You can find some examples of generated code on the GRPC github
Why would I want proto buffers over something like JSON?
We now know on a high level how GRPC works, but we still haven’t talked about how the data is actually transmitted. The downside here is that unless you dive really deep, this will all be a bit black box-ish.
Protobuffers aren’t really designed to be human-readable, they are compressed binaries. I know this might be a huge turn-off, but it does have its advantages. These come mainly in the form of its small footprint and speed.
Yogesh Shinde posted an article on Dzone on the comparison between JSON and proto buffers that suggested that the latter are almost double as fast.
And what are the big downsides?
Everything comes at a price, and GRPC is no exception. The biggest downside is obviously the black box connections. They are hard to debug and you’re not ever really sure about what’s transmitted.
The generated code is also a bit of a double-edged sword. Lots of people have had some bad experiences with generated code (for good reasons). But to be honest, I feel that in this case, it’s not that bad. The generated code is mostly value like objects that sometimes are little more than getters and setters and it does allow you to generate SDK’s in loads of different languages with a single click, so that is a decision you have to make for yourself.

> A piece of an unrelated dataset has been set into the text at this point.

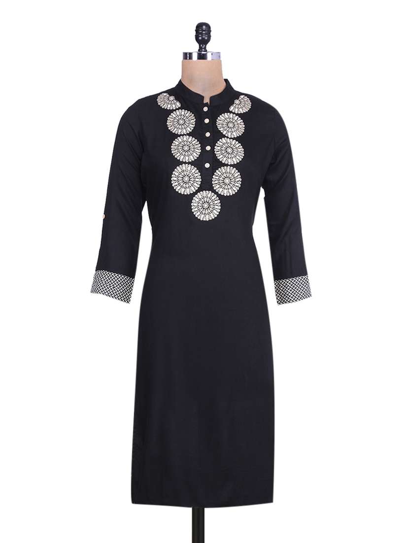 #1 black embroidered quarter sleeved rayon kurta & similar products...
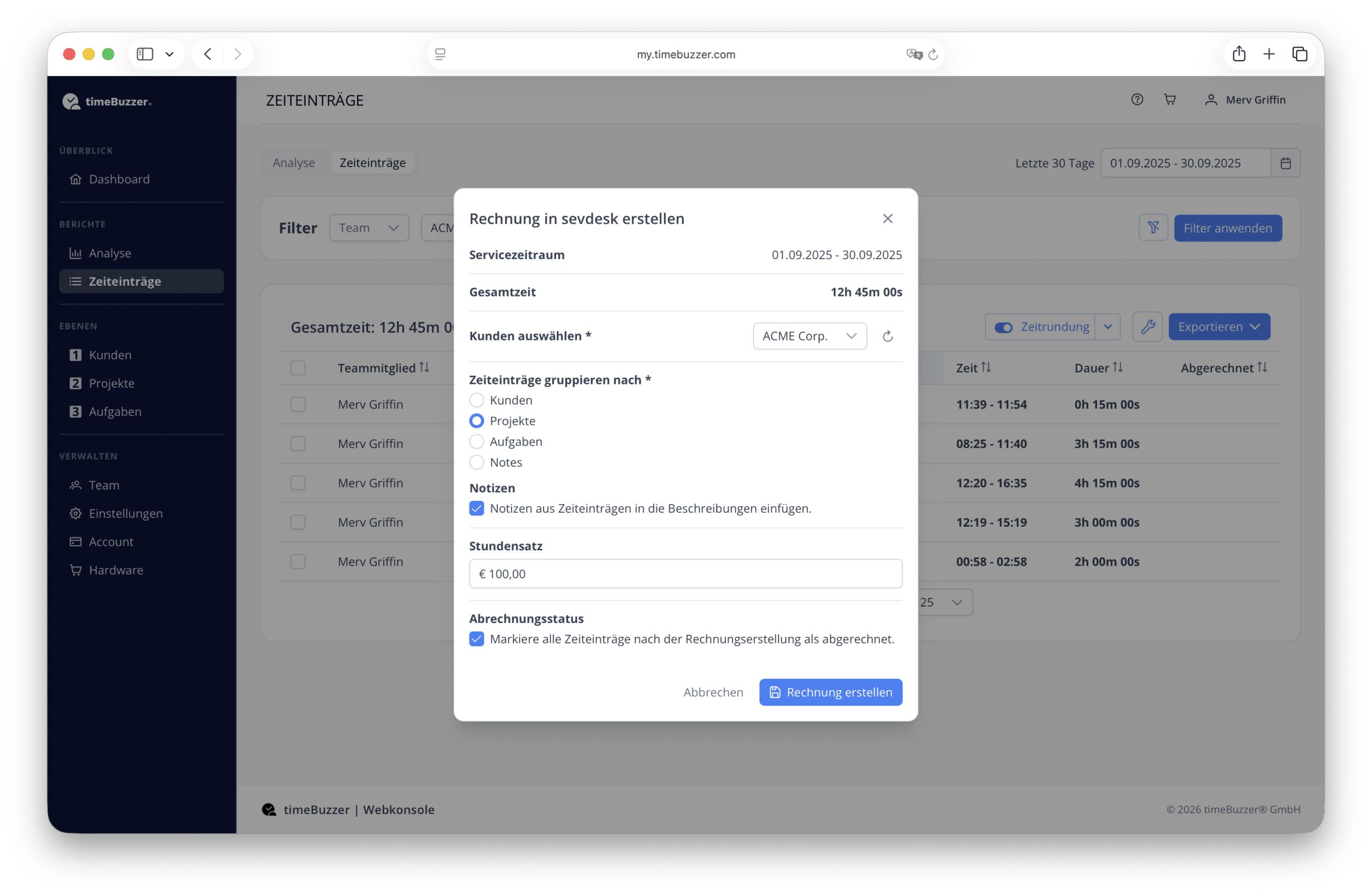 - sevdesk Rechnungen direkt aus erfassten Zeiteinträgen erstellen

I also found the set up a bit hard. In the case of PHP, they suggest you install using PECL what is not really ideal (There is a composer option as well). You also need to run a Node server so that might not jive all that well with your current setup.
This might all seem a bit daunting to set up if you only have 1 or 2 microservices in your domain. But if your product is a collection of different microservices, you might save some time and performance with this technology. Especially if there are a few different programming languages mixed in.
But be sure to create a pilot project before you take the plunge.